## WHAT TO DO:
A verbatim copy of all the data is required; the pictures should not appear in it.

[INFORMATION SHOWN]

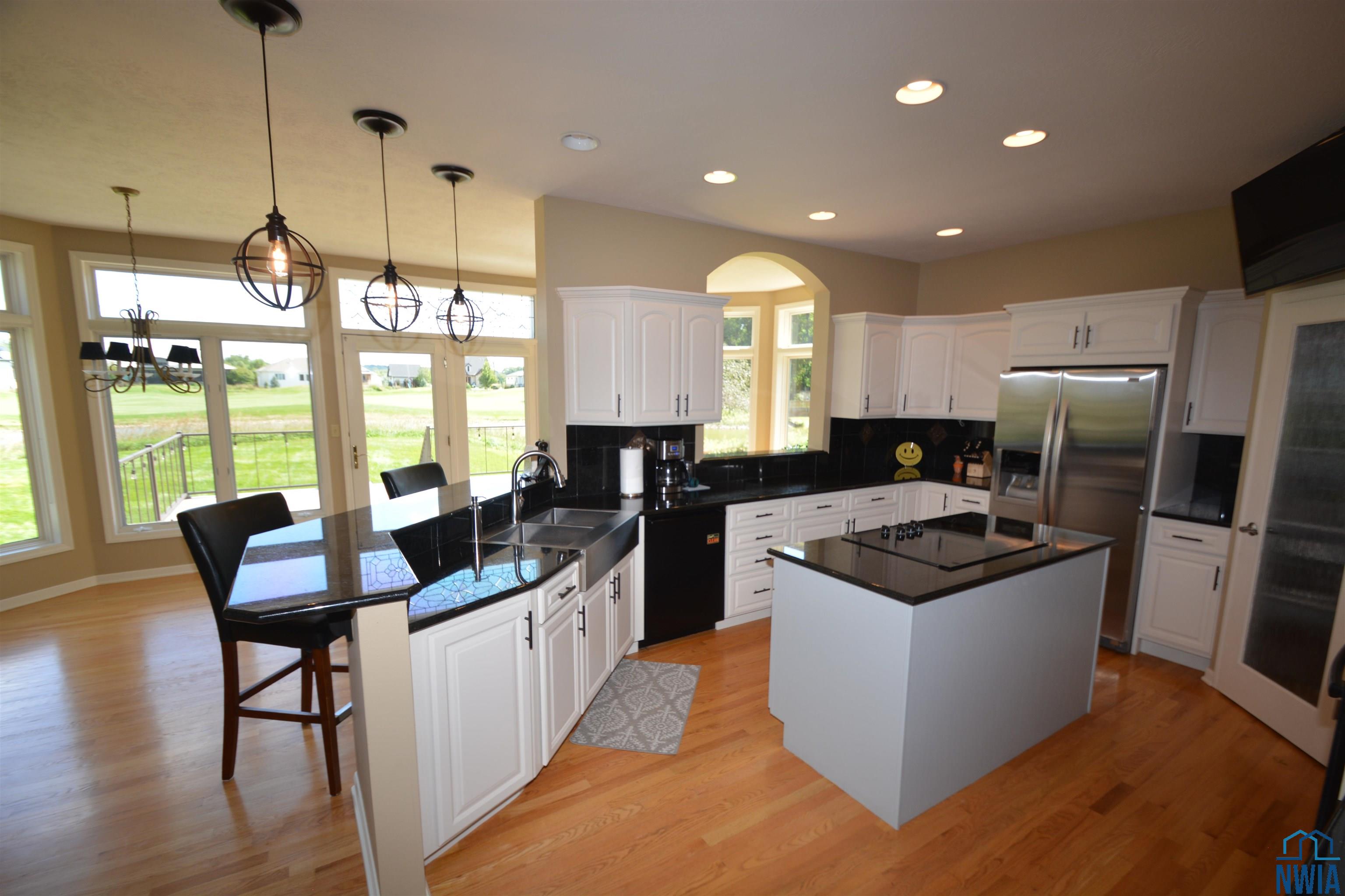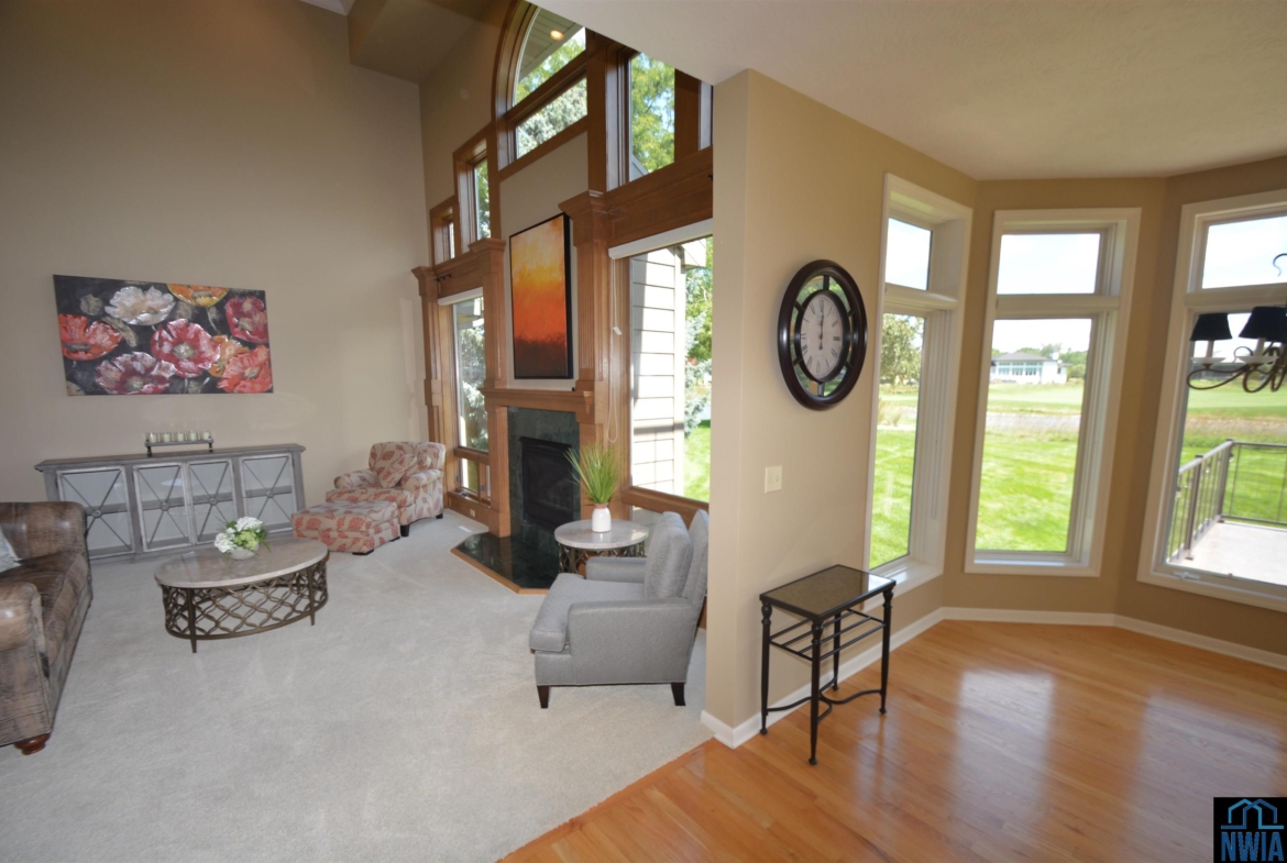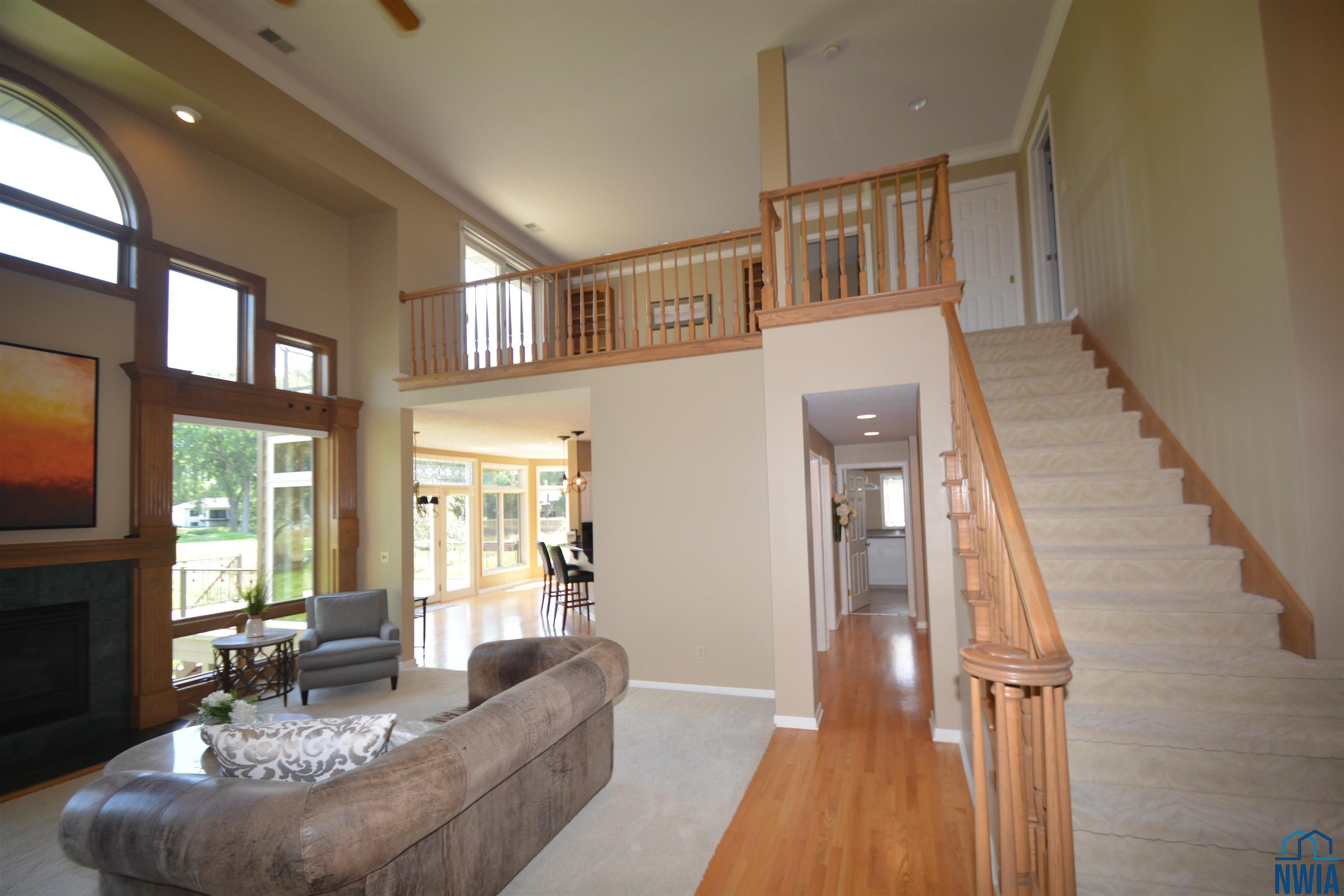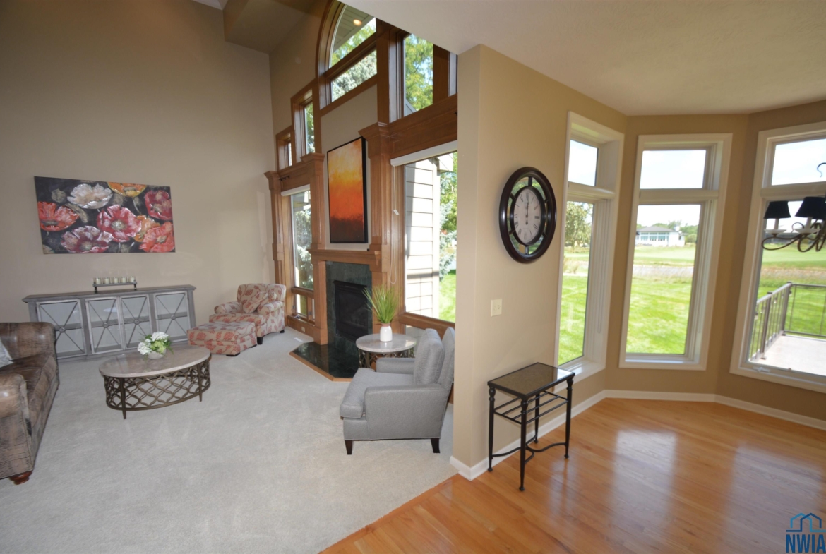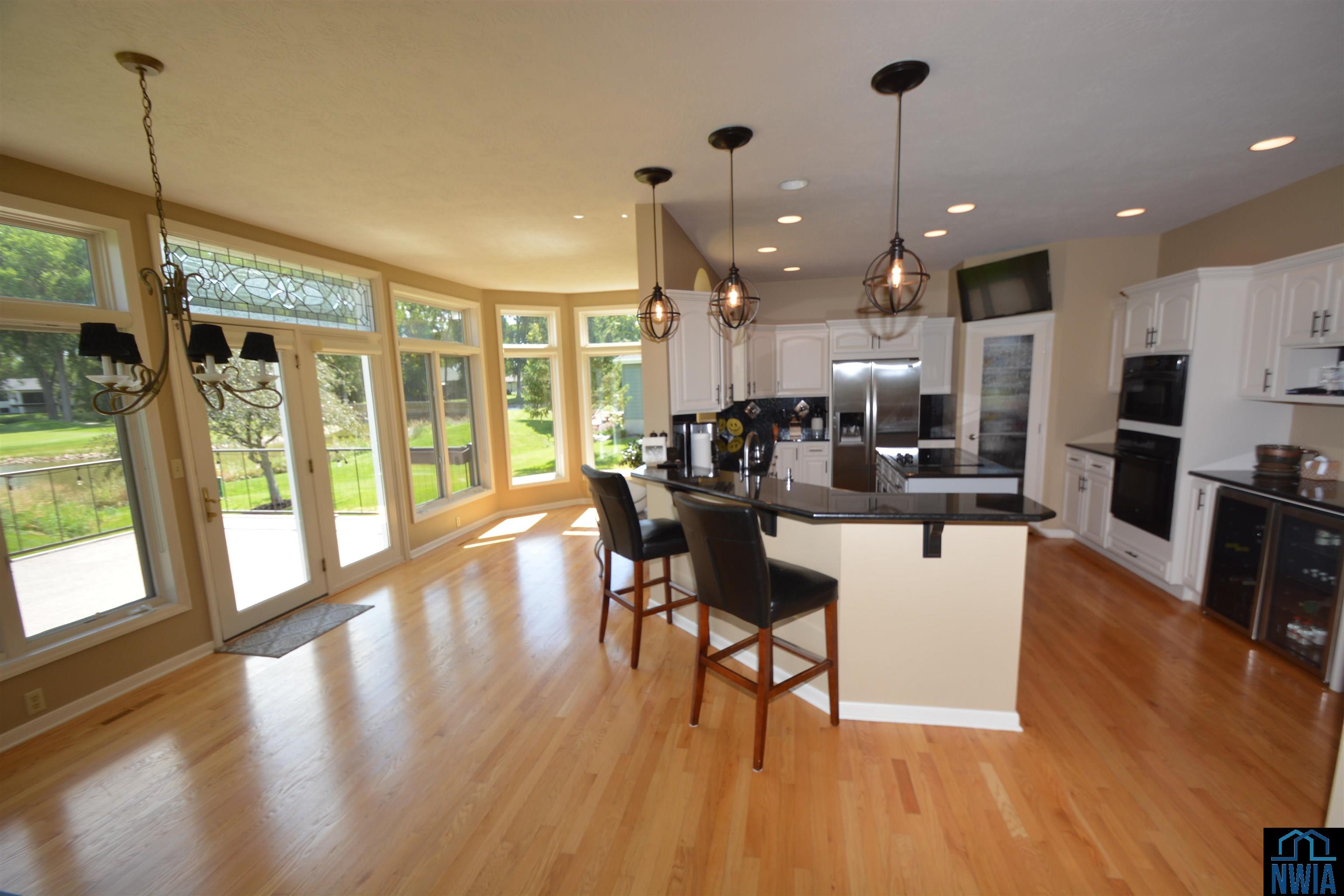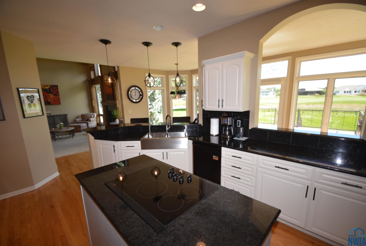 Stunning Golf Course Home with Panoramic Views. Enjoy sweeping views of the Dakota Dunes Golf Course, pond, bridge, and #5 green from this exceptional home on a private 1/3-acre lot. The 2023 updates kitchen boasts a walk-in pantry, crown molding, granite counters, tile backsplash, center island. The sunroom features lead-glass accents, filling the space with character and natural light with patio door to the deck. Upstairs, two bedrooms share a Jack & Jill bath, just off the loft office with access to a sundeck overlooking the course and pond. The spacious basement family room offers a wet bar, crown molding, built-in entertainment center and rope lighting in the tray ceiling. Recent upgrades include concrete decks (2015), siding (2016), 50 yr roof (2018), master bath (2021), and kitchen updates (2023). Storage is abundant with a full lower-level storage area plus a bonus storage room above the garage.
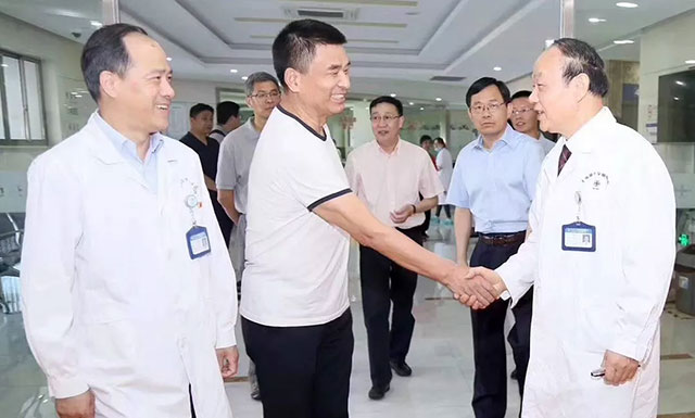 ▲ 時任上海市副市長左煥琛(左一)和上海市委副書記殷一璀(右一)到訪廣中醫(yī)院腦血管病康復(fù)病房
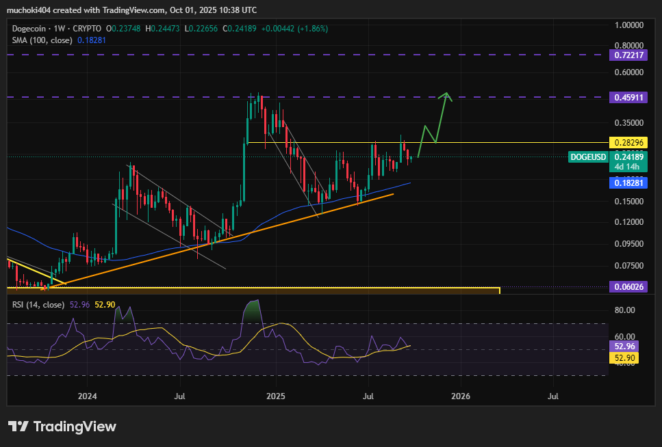 За последние три месяца Dogecoin неоднократно сталкивался с отскоками вблизи уровня сопротивления $0,28. По данным TradingView, токен закрыл сентябрь на отметке $0,23, а затем отскочил до $0,244, увеличившись на 6% за 24 часа.
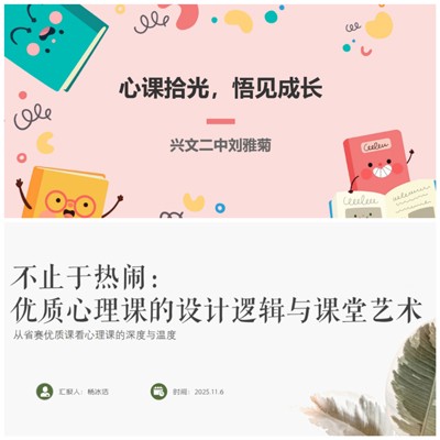 培训中,兴文二中刘雅菊老师带来了题为《心课拾光,悟见成长》的专题培训,刘老师聚焦第一展评会场优质课,从课程设计、教学策略应用、学生反馈等方面展开分享,呈现了12节优质课堂的构建逻辑与实施路径,同时为老师们提供了观摩优质课的三维学习路径。紧接着,兴文中学杨冰洁老师以《不止于热闹:优质心理课的设计逻辑与课堂艺术》为题,围绕“选题—理论—活动”三个维度对第二展评会场优秀成果进行解读,重点解析了“八卦有门道”“被讨厌的勇气”“遇见自己”三节优质课的教学设计和课堂效果,并精心提炼出了心育课程的核心逻辑:情境激活、外化感受、认知重构和整合内化。最后,杨老师趁热打铁的感悟——“准、深、清”为此次培训画上了完美的句号。

[/INFORMATION SHOWN]

## WRITTEN SOLUTION:
 Stunning Golf Course Home with Panoramic Views. Enjoy sweeping views of the Dakota Dunes Golf Course, pond, bridge, and #5 green from this exceptional home on a private 1/3-acre lot. The 2023 updates kitchen boasts a walk-in pantry, crown molding, granite counters, tile backsplash, center island. The sunroom features lead-glass accents, filling the space with character and natural light with patio door to the deck. Upstairs, two bedrooms share a Jack & Jill bath, just off the loft office with access to a sundeck overlooking the course and pond. The spacious basement family room offers a wet bar, crown molding, built-in entertainment center and rope lighting in the tray ceiling. Recent upgrades include concrete decks (2015), siding (2016), 50 yr roof (2018), master bath (2021), and kitchen updates (2023). Storage is abundant with a full lower-level storage area plus a bonus storage room above the garage.
 ▲ 時任上海市副市長左煥琛(左一)和上海市委副書記殷一璀(右一)到訪廣中醫(yī)院腦血管病康復(fù)病房
 За последние три месяца Dogecoin неоднократно сталкивался с отскоками вблизи уровня сопротивления $0,28. По данным TradingView, токен закрыл сентябрь на отметке $0,23, а затем отскочил до $0,244, увеличившись на 6% за 24 часа.
 培训中,兴文二中刘雅菊老师带来了题为《心课拾光,悟见成长》的专题培训,刘老师聚焦第一展评会场优质课,从课程设计、教学策略应用、学生反馈等方面展开分享,呈现了12节优质课堂的构建逻辑与实施路径,同时为老师们提供了观摩优质课的三维学习路径。紧接着,兴文中学杨冰洁老师以《不止于热闹:优质心理课的设计逻辑与课堂艺术》为题,围绕“选题—理论—活动”三个维度对第二展评会场优秀成果进行解读,重点解析了“八卦有门道”“被讨厌的勇气”“遇见自己”三节优质课的教学设计和课堂效果,并精心提炼出了心育课程的核心逻辑:情境激活、外化感受、认知重构和整合内化。最后,杨老师趁热打铁的感悟——“准、深、清”为此次培训画上了完美的句号。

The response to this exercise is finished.